Data excerpt -
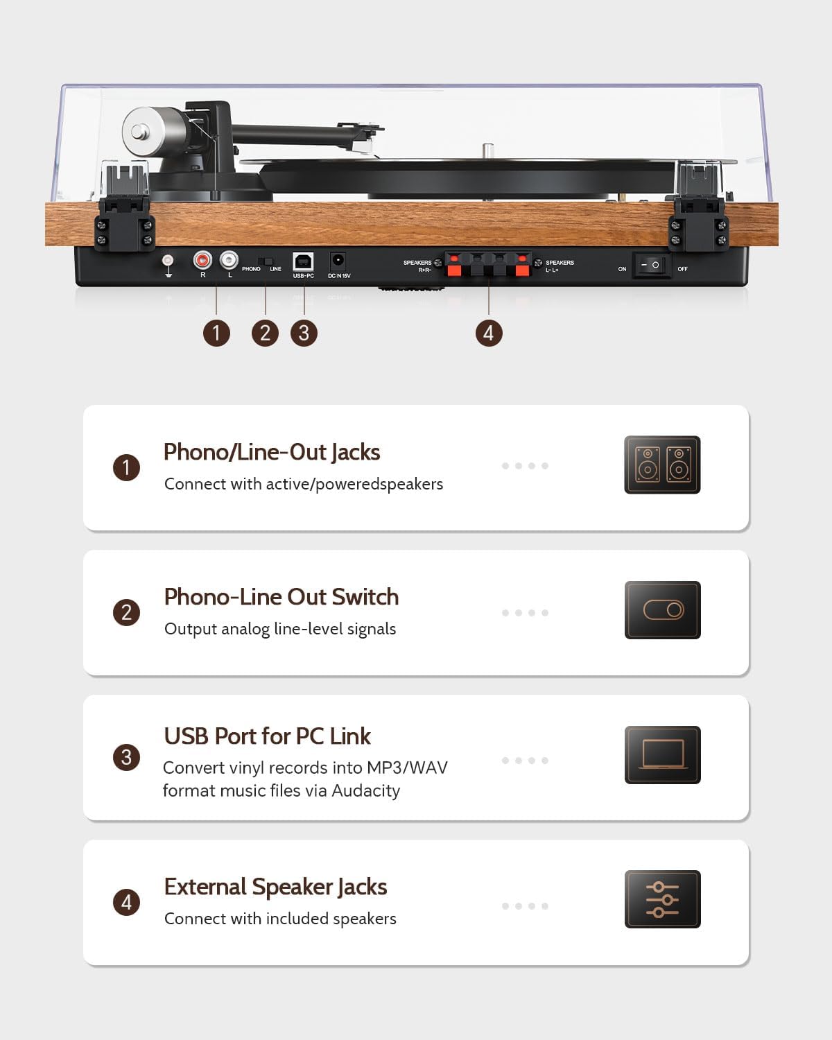 - [Great Connectivity Options] Built-in switchable phono line and pre-amplifier allow to connect with the set of included speakers or your own externally-powered speakers via the dual RCA output cables
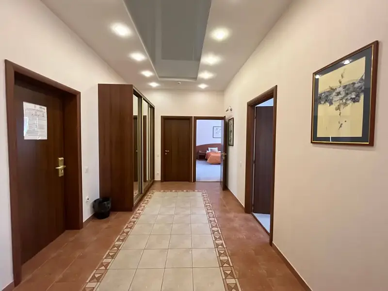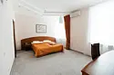 Оригинально оформленные номера категории «Апартаменты» отлично подойдут для беззаботного отдыха. В них есть абсолютно все. Просторная спальная комната с большой кроватью, шкафом-купе и туалетным столиком, комната поменьше с двумя односпальными кроватями и вместительной тумбой, гостиная зона с угловым диваном (раскладные диваны предоставляют возможность размещения 1 гостя), кухонная зона, оборудованная электрической плитой, мойкой и кухонной утварью. Две ванные комнаты (одна из которых оборудована стиральной машинкой и биде) и отдельная гардеробная.
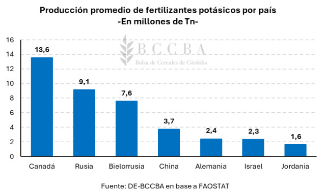 Finalmente, para el caso de los fertilizantes potásicos, el principal productor mundial es Canadá con un total de 13,6 millones de toneladas por año en promedio, seguido por Rusia con una producción de 9,1 millones de toneladas, quedando Bielorrusia en el tercer puesto con 7,6 millones de toneladas anuales.
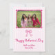 Pink hand drawn scribble bow Galentine's Day photo Holiday Card. This Galentine's Day photo card is designed to capture the spirit of friendship with its unique retro French Parisian aesthetic. The hand-drawn pink scribble bow and magenta frame, complete with sweet hearts and a delicate bow, add a touch of whimsical charm. A handwritten font and pink and white striped background create a romantic backdrop for showcasing a cherished photo of best friends. The back of the card offers a space for a heartfelt, personalized message.

Your assignment - The response should hold only an exact retyping of the lines from the beginning of the data through the line containing "Оригинально оформленные номера", both ends kept, pictures omitted.

Answer section -
 - [Great Connectivity Options] Built-in switchable phono line and pre-amplifier allow to connect with the set of included speakers or your own externally-powered speakers via the dual RCA output cables
 Оригинально оформленные номера категории «Апартаменты» отлично подойдут для беззаботного отдыха. В них есть абсолютно все. Просторная спальная комната с большой кроватью, шкафом-купе и туалетным столиком, комната поменьше с двумя односпальными кроватями и вместительной тумбой, гостиная зона с угловым диваном (раскладные диваны предоставляют возможность размещения 1 гостя), кухонная зона, оборудованная электрической плитой, мойкой и кухонной утварью. Две ванные комнаты (одна из которых оборудована стиральной машинкой и биде) и отдельная гардеробная.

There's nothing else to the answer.